*Task instructions*.
For the records below, please print exactly and only the lines from the one with "3月19日,湖北武漢,由咸寧" down to the one with "- Triebe: Frischgrüne, breite", both ends included, omitting the pictures.
::::::::
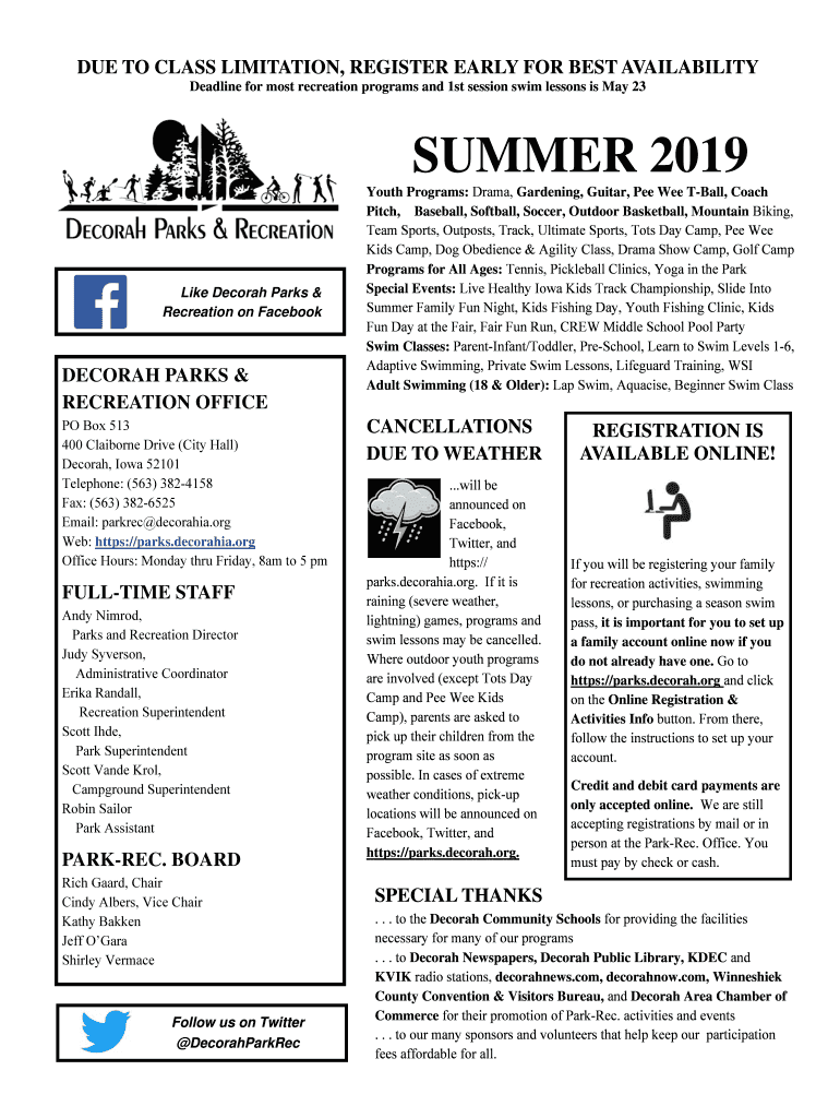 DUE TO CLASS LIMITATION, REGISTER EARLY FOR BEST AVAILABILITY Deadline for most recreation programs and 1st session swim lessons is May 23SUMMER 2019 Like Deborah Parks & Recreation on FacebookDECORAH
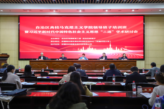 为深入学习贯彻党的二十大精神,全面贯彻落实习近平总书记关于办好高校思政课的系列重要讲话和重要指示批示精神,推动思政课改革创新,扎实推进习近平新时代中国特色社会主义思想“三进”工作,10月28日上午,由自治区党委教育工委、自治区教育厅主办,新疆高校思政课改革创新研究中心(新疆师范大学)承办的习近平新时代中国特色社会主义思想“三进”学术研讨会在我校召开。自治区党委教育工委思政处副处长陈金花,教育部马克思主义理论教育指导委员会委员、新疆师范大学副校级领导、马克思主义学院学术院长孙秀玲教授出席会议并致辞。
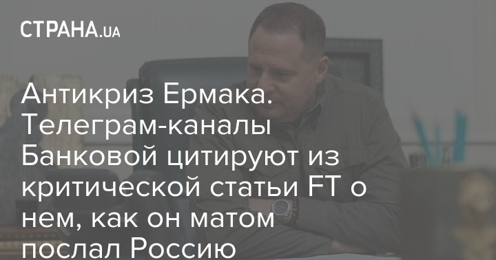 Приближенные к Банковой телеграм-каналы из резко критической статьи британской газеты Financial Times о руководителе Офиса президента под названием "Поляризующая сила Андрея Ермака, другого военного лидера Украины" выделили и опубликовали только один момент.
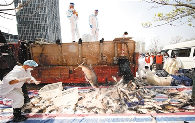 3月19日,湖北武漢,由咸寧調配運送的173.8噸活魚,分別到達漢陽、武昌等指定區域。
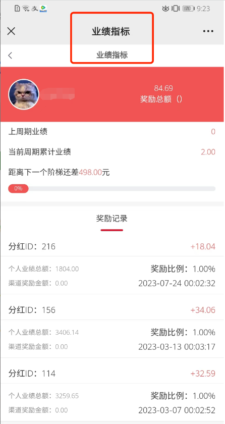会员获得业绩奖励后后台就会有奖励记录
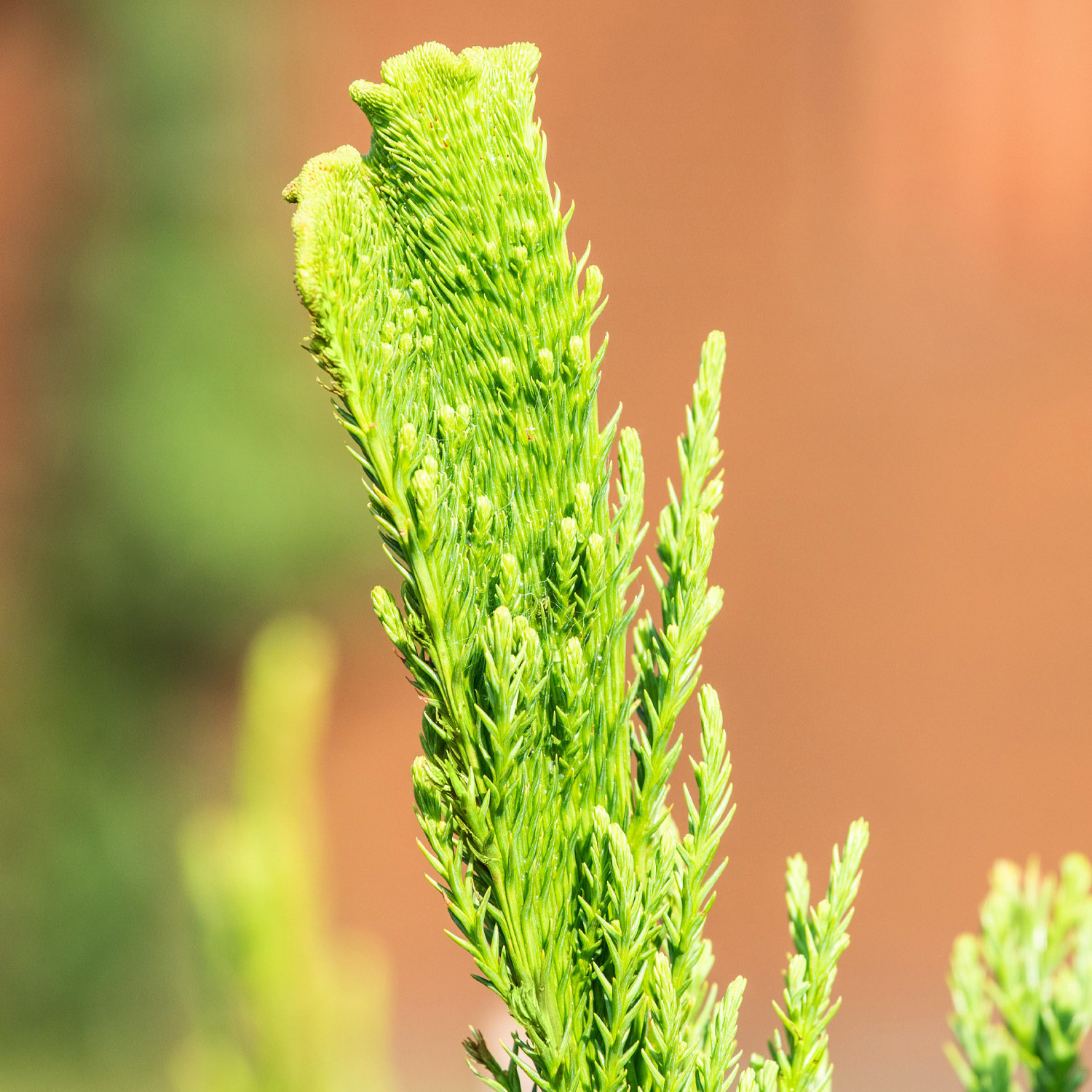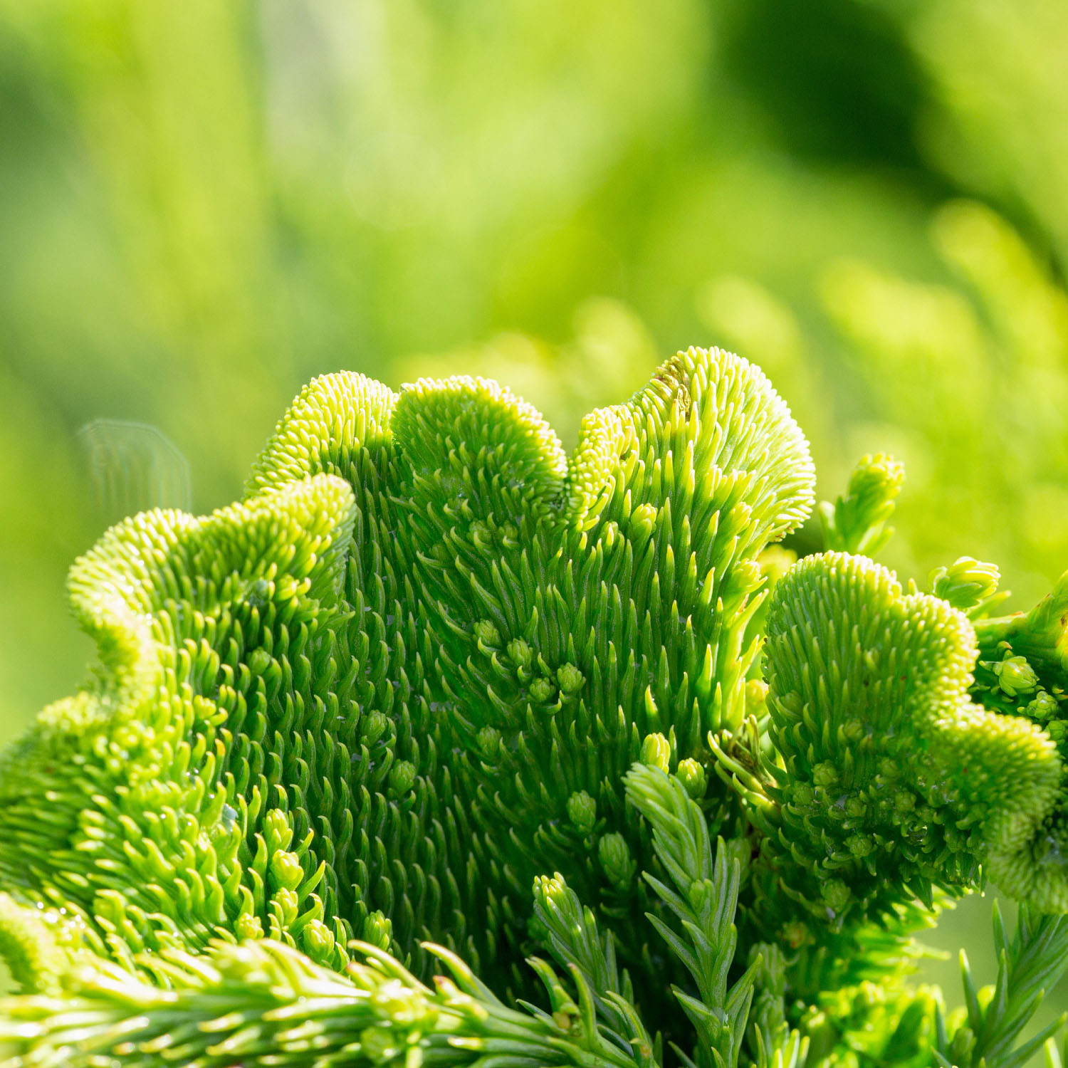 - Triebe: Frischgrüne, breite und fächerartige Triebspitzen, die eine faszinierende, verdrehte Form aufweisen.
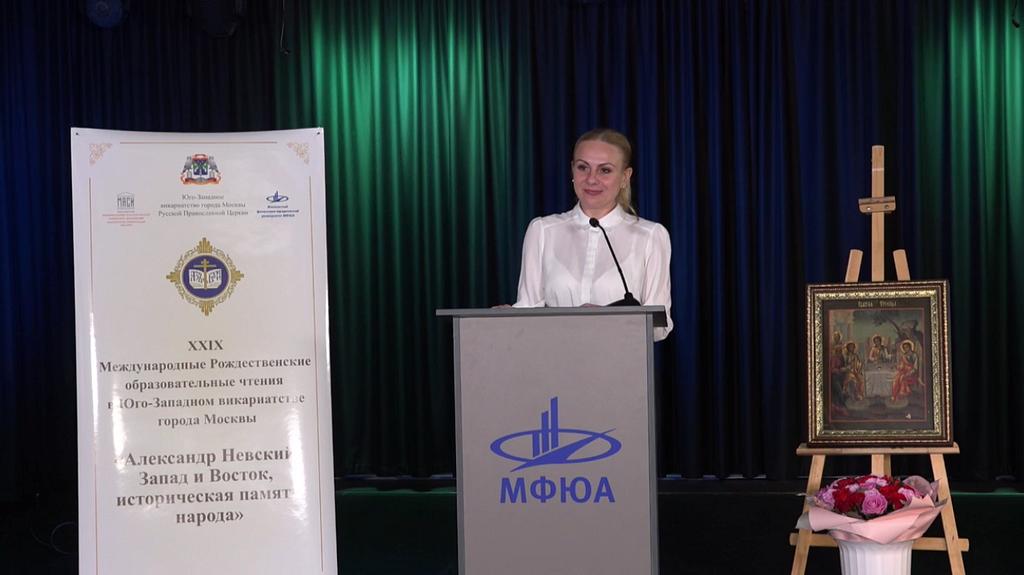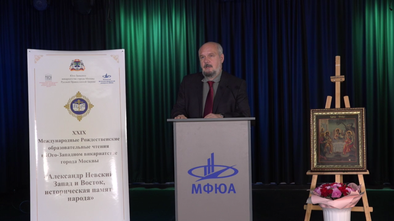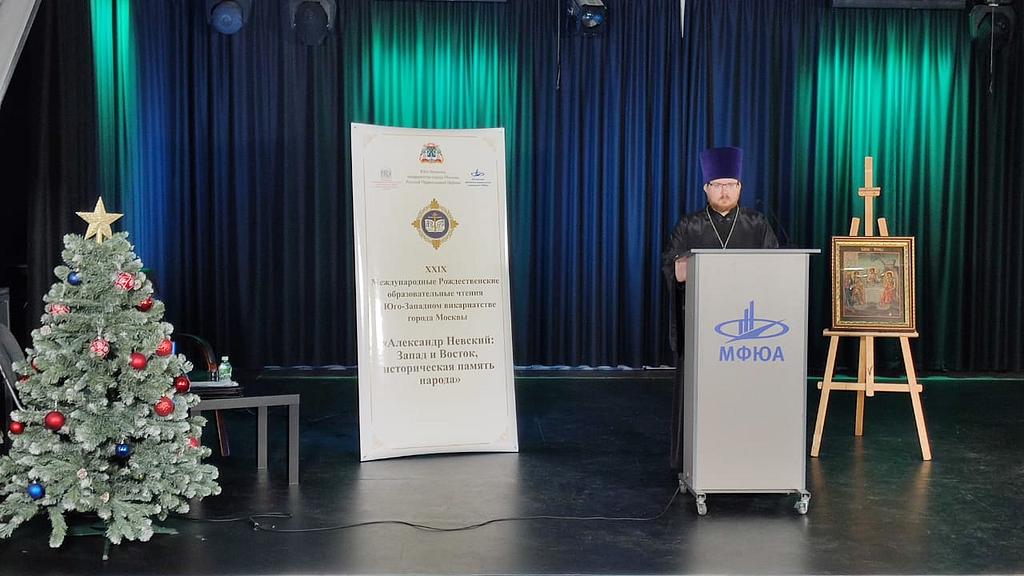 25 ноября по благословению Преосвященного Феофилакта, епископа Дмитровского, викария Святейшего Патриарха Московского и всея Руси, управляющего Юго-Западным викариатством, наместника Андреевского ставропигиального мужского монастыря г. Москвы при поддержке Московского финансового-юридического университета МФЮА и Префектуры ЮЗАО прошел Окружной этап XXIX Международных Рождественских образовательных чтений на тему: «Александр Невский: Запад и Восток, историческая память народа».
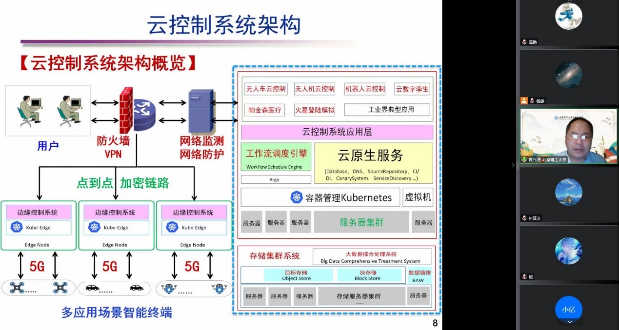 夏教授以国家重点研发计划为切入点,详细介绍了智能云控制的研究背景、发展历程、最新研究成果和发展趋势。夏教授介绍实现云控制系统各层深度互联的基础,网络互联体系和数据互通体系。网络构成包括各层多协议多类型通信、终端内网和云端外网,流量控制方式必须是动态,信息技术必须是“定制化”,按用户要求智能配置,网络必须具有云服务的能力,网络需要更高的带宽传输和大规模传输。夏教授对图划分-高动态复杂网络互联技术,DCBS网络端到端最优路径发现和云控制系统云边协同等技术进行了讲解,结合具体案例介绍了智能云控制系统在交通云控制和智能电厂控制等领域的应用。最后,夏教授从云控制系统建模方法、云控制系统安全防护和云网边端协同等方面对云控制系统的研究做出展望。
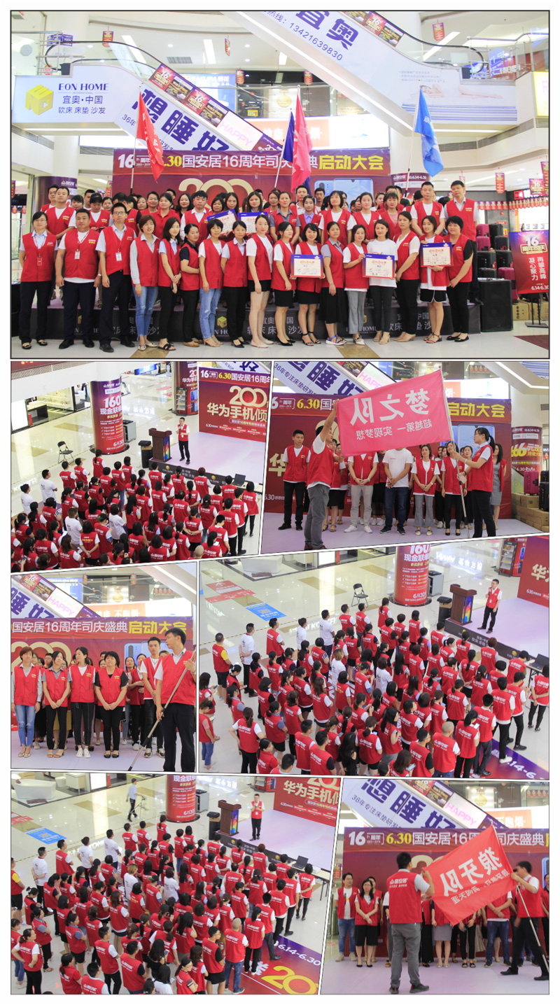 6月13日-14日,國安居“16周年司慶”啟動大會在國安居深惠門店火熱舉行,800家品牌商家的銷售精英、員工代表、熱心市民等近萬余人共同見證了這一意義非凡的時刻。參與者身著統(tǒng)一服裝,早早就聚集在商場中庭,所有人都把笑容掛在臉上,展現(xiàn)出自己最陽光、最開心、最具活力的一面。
::::::::
*Solution for this problem*.
 3月19日,湖北武漢,由咸寧調配運送的173.8噸活魚,分別到達漢陽、武昌等指定區域。
会员获得业绩奖励后后台就会有奖励记录
 - Triebe: Frischgrüne, breite und fächerartige Triebspitzen, die eine faszinierende, verdrehte Form aufweisen.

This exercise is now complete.